Das Spiel schien entschieden. Zu gering waren die Mittel des SSK an diesem Tag. Bei den hochsommerlichen Temperaturen konnten die zwei Blöcke des SSK nichts mehr ausrichten. Und wenn Kerpen schien ins Spiel zurückzukommen, vermasselten es sich die Barracudas durch dumme Strafzeiten. Einer unnötigen Zehnminutenstrafe gegen Christian Miltz folgte der negative Höhepunkt des letzten Drittels.
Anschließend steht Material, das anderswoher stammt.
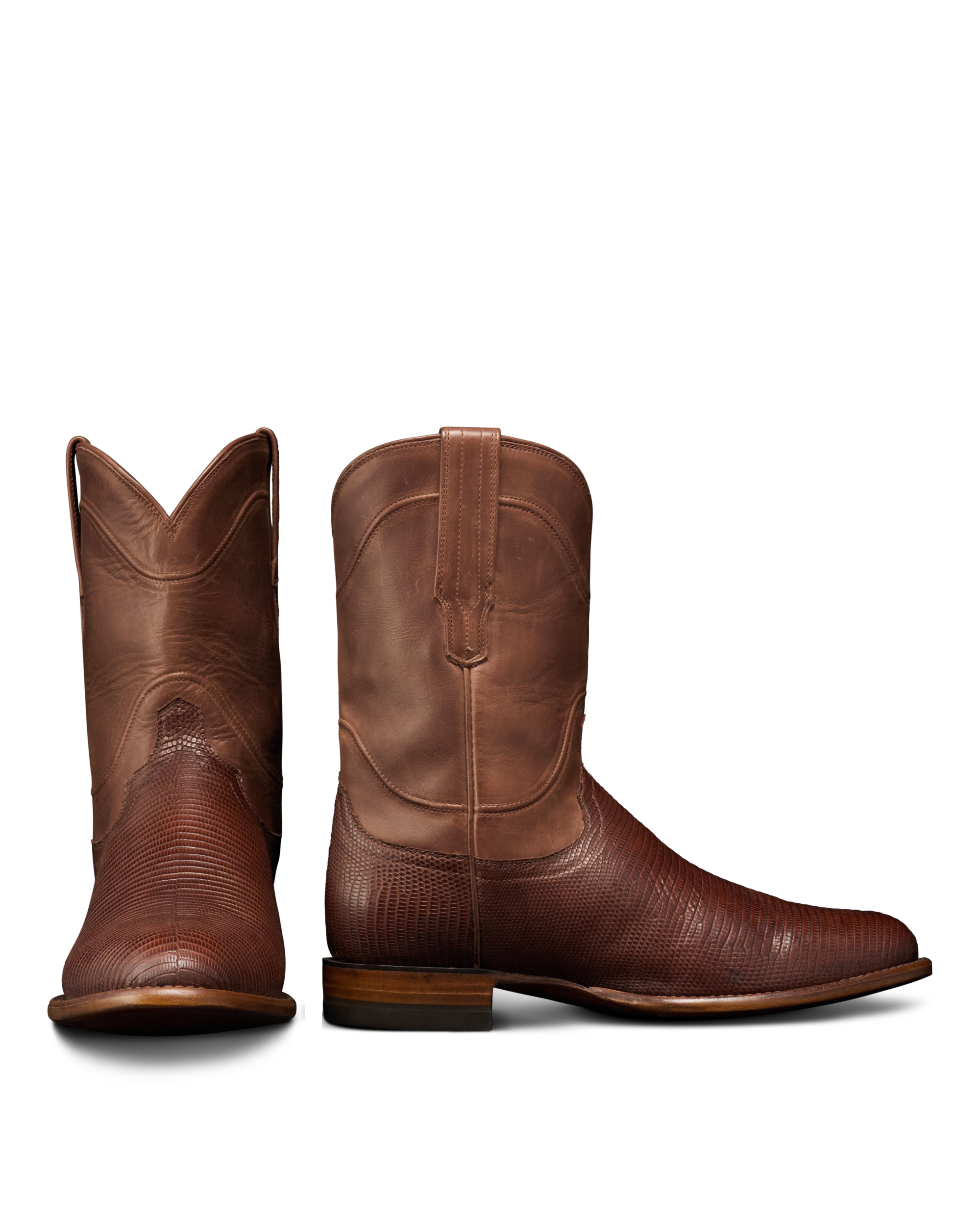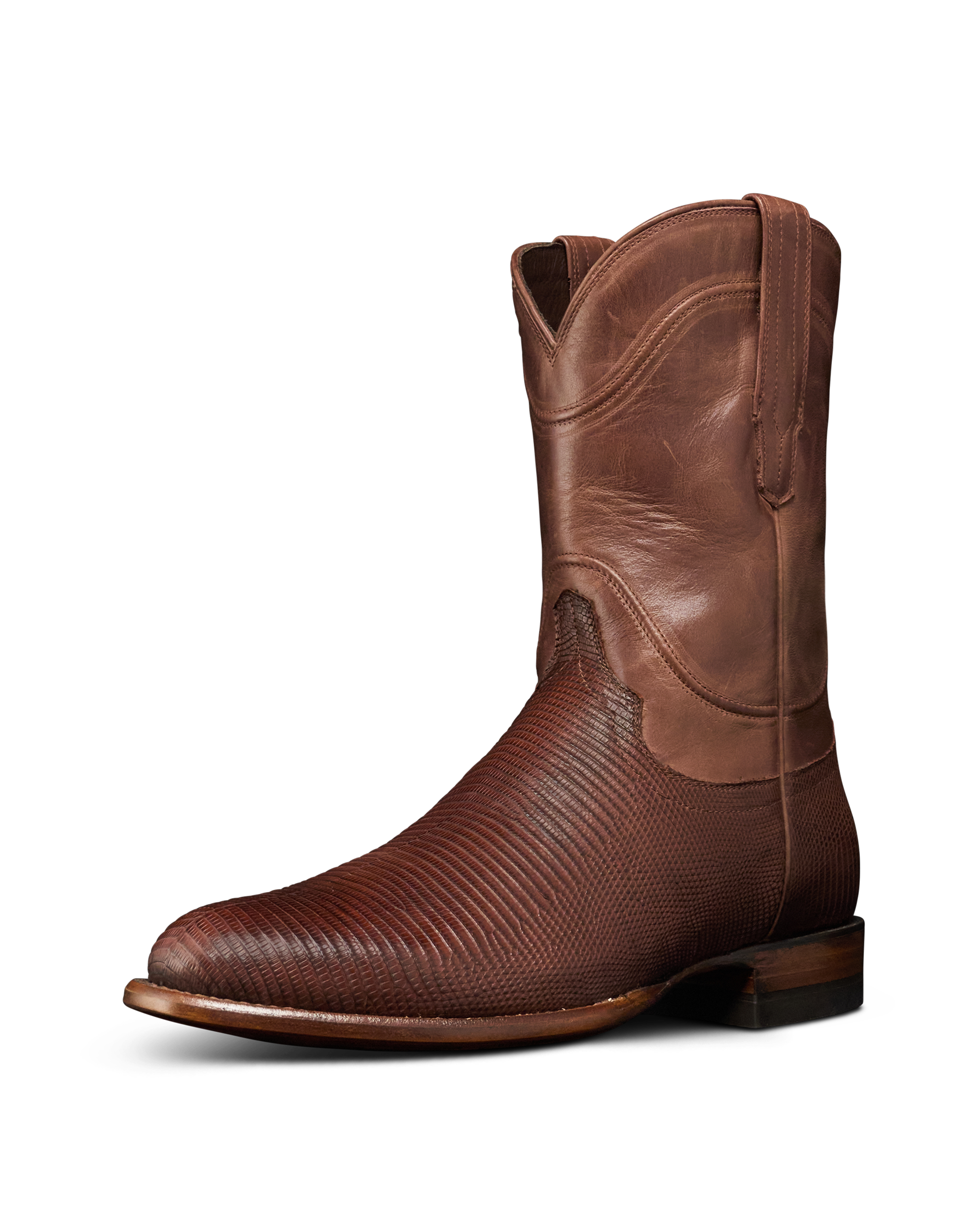 The Nash is an exotic roper boot, featuring supple lizard leather hand-lasted in our classic roper profile. A shorter heel and simple, elegant cowhide shaft showcase our most affordable exotic leather in a classic profile.

Thorsten Odenthal checkte einen Velberter von hinten gegen die Bande und kassierte eine vollkommen verdiente Spieldauerdisziplinarstrafe. Spätestens nun war das Schicksal des SSK besiegelt und das 10:5 durch Winzen die logische Folge, sowie der Endstand dieser Partie.

 

Eine Niederlage, die besonders schmerzt. Die Commanders sind ein direkter Konkurrent um den Klassenerhalt und haben durch diesen Sieg einen entscheidenden Vorteil gegenüber dem SSK. Der steht nun mit dem Rücken zur Wand und muss sich in der Sommerpause mit ansehen was die Konkurrenz macht. Dabei ist zu erwarten, dass auch der TSV Bernahrdswald an den Barracudas vorbeiziehen wird und sich Kerpen im August auf einem Abstiegplatz befindet. Dann sind die vier ausstehenden Spiele nach der Sommerpause richtige Endspiele. Zu Beginn ist ausgerechnet der Tabellenführer und Topfavorit aus Assenheim zu Gast in Kerpen, bevor gegen Bernhardswald und Deggendorf wahre „Vier-Pnkte-Spiele" vor heimischer Kulisse folgen. Den Abschluss bestreiten die Raubfische dann beim HC Merdingen. Wenn es in Kerpen kommende Saison noch Zweitligahockey geben soll, müssen die Barracudas aus diesen Spielen mindestens zwei gewinnen. Allerdings wird dafür eine enorme Leistungssteigerung und eine bessere Einstellung als in den letzten Wochen von Nöten sein.